But actually superpowered people are still pretty rare and largely witnessed only on television. They mostly have "special explanations": they have exotic military technology and training (Iron Man, War Machine, Ant Man, Black Widow, Hawkeye) or they're aliens (Thor) or they got powered by alien technology (Captain Marvel, Scarlet Witch, Vision). The wizards are a bit more baffling for the public, maybe, but they haven't been seen all that much and up to Endgame kept a low profile. Even there, if you had some non-super MCU academic studying superpowers, he'd probably say that the wizards were powered by esoteric training in an exotic branch of science and technology. (Thor and Loki seem to think about it the same way.) Spider-Man is the only MCU character to date whose (non-seen) origin is hard to fit into any of this and the MCU public doesn't know that.

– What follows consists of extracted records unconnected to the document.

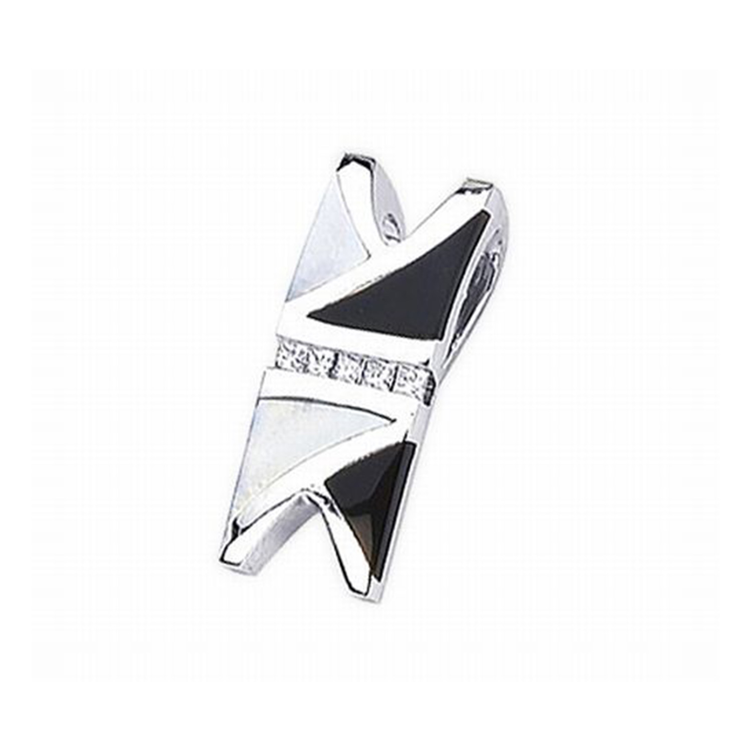 14k White Gold Onyx And Mother Of Pearl And Diamond Slide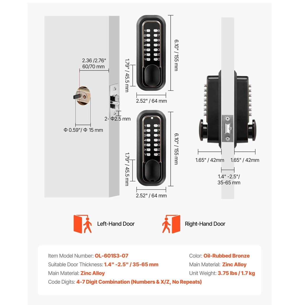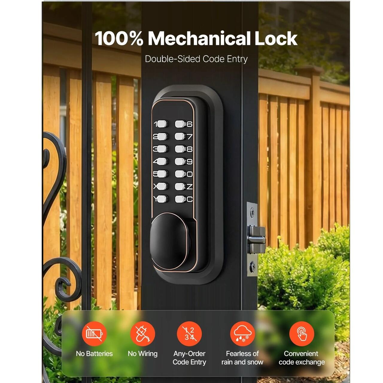 Securitate fiabila fara baterii: Aceasta incuietoare mecanica fara cheie, cu doua laturi, functioneaza fara baterii sau cabluri. Accepta coduri de 4-7 cifre folosind numere si literele X si Z, cu introducere in orice ordine pentru o securitate sporita impotriva ghicirii codului.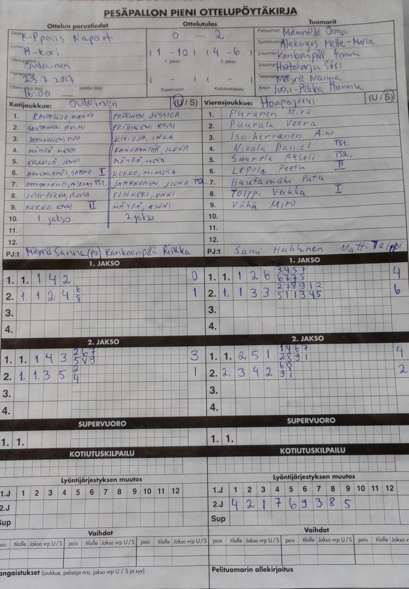 | 23.7.2017 | Oulainen | Haapajärvi 1 | 0-2 (1-10, 4-6) | näytä | |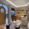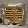 Đối diện nơi ngồi chờ là hệ tủ trưng bày các loại kem dưỡng da và phòng chăm sóc gia đình. Hệ tủ này có sự thống nhất về thiết kế, mẫu mã, chất liệu với tủ trưng bày tầng 1 mang đến tổng thể hài hòa, đồng điệu.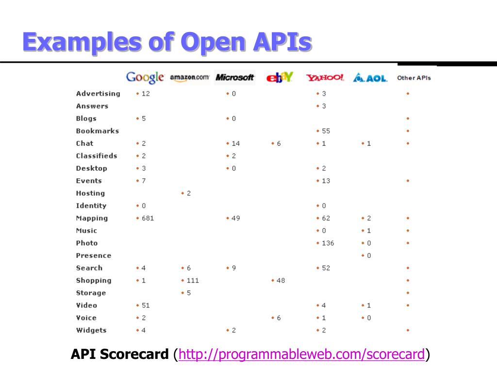 Examples of Open APIs API Scorecard (http://programmableweb.com/scorecard)

Now imagine at the end of Eternals, the Celestials activate the X-gene and the post-credits scene is a bald graduate student studying genetics named Charles Xavier suddenly realizing he can hear the thoughts of people around him and a haunted young Syrian/imaginary MCU country citizen hunting the people who murdered his family realizing that metal bends to his will. And a teenager opening his eyes when he wakes up and blowing a hole in his ceiling.
That seems to me enough of an entry point to "outsiders with the world against us": the people of Earth are terrified enough about what their world has become and now suddenly their children, family, friends, and co-workers are growing fangs or getting scaly skin or flying. Maybe that's another attack, maybe it's like a spreading disease, etc.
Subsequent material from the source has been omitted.